Author: David. Bleecker
Publisher: CRC Press
Published: 2018-01-18
Total Pages: 1010
ISBN-13: 1351086987
DOWNLOAD EBOOK →Methods of solution for partial differential equations (PDEs) used in mathematics, science, and engineering are clarified in this self-contained source. The reader will learn how to use PDEs to predict system behaviour from an initial state of the system and from external influences, and enhance the success of endeavours involving reasonably smooth, predictable changes of measurable quantities. This text enables the reader to not only find solutions of many PDEs, but also to interpret and use these solutions. It offers 6000 exercises ranging from routine to challenging. The palatable, motivated proofs enhance understanding and retention of the material.
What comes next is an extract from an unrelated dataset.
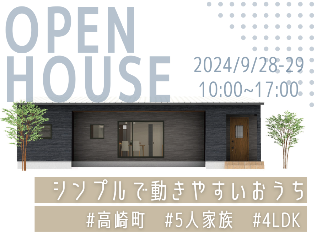 家を建てることは、人生の中でも特別な出来事です。あなたの夢のマイホームを実現するための第一歩を、私たちと一緒に踏み出しませんか?この度、特別な「OPEN HOUSE」を高崎町にて開催いたします。あなたの理想の住まいを見つけるための貴重な機会です。

Topics not usually found in books at this level include but examined in this text: the application of linear and nonlinear first-order PDEs to the evolution of population densities and to traffic shocks convergence of numerical solutions of PDEs and implementation on a computer convergence of Laplace series on spheres quantum mechanics of the hydrogen atom solving PDEs on manifolds The text requires some knowledge of calculus but none on differential equations or linear algebra.
Author: Michael E. Taylor
Publisher: Springer Science & Business Media
Published: 2010-10-29
Total Pages: 673
ISBN-13: 144197055X
DOWNLOAD EBOOK →The first of three volumes on partial differential equations, this one introduces basic examples arising in continuum mechanics, electromagnetism, complex analysis and other areas, and develops a number of tools for their solution, in particular Fourier analysis, distribution theory, and Sobolev spaces. These tools are then applied to the treatment of basic problems in linear PDE, including the Laplace equation, heat equation, and wave equation, as well as more general elliptic, parabolic, and hyperbolic equations.The book is targeted at graduate students in mathematics and at professional mathematicians with an interest in partial differential equations, mathematical physics, differential geometry, harmonic analysis, and complex analysis.
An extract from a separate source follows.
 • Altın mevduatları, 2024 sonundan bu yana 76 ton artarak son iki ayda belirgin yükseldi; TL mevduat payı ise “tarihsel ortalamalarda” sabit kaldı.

Author: Grigoriĭ Ilʹich Eskin
Publisher: American Mathematical Soc.
Published: 2011
Total Pages: 432
ISBN-13: 0821852841
DOWNLOAD EBOOK →This is a reader-friendly, relatively short introduction to the modern theory of linear partial differential equations. An effort has been made to present complete proofs in an accessible and self-contained form. The first three chapters are on elementary distribution theory and Sobolev spaces. The following chapters study the Cauchy problem for parabolic and hyperbolic equations, boundary value problems for elliptic equations, heat trace asymptotics, and scattering theory.
Author: J. Chazarain
Publisher: Elsevier
Published: 2011-08-18
Total Pages: 558
ISBN-13: 9780080875354
DOWNLOAD EBOOK →Introduction to the Theory of Linear Partial Differential Equations
Author: Marcus Pivato
Publisher: Cambridge University Press
Published: 2010-01-07
Total Pages: 631
ISBN-13: 0521199700
DOWNLOAD EBOOK →This highly visual introductory textbook provides a rigorous mathematical foundation for all solution methods and reinforces ties to physical motivation.
Author: Qing Han
Publisher: American Mathematical Soc.
Published: 2011
Total Pages: 305
ISBN-13: 0821852558
DOWNLOAD EBOOK →This is a textbook for an introductory graduate course on partial differential equations. Han focuses on linear equations of first and second order. An important feature of his treatment is that the majority of the techniques are applicable more generally. In particular, Han emphasizes a priori estimates throughout the text, even for those equations that can be solved explicitly. Such estimates are indispensable tools for proving the existence and uniqueness of solutions to PDEs, being especially important for nonlinear equations. The estimates are also crucial to establishing properties of the solutions, such as the continuous dependence on parameters. Han's book is suitable for students interested in the mathematical theory of partial differential equations, either as an overview of the subject or as an introduction leading to further study.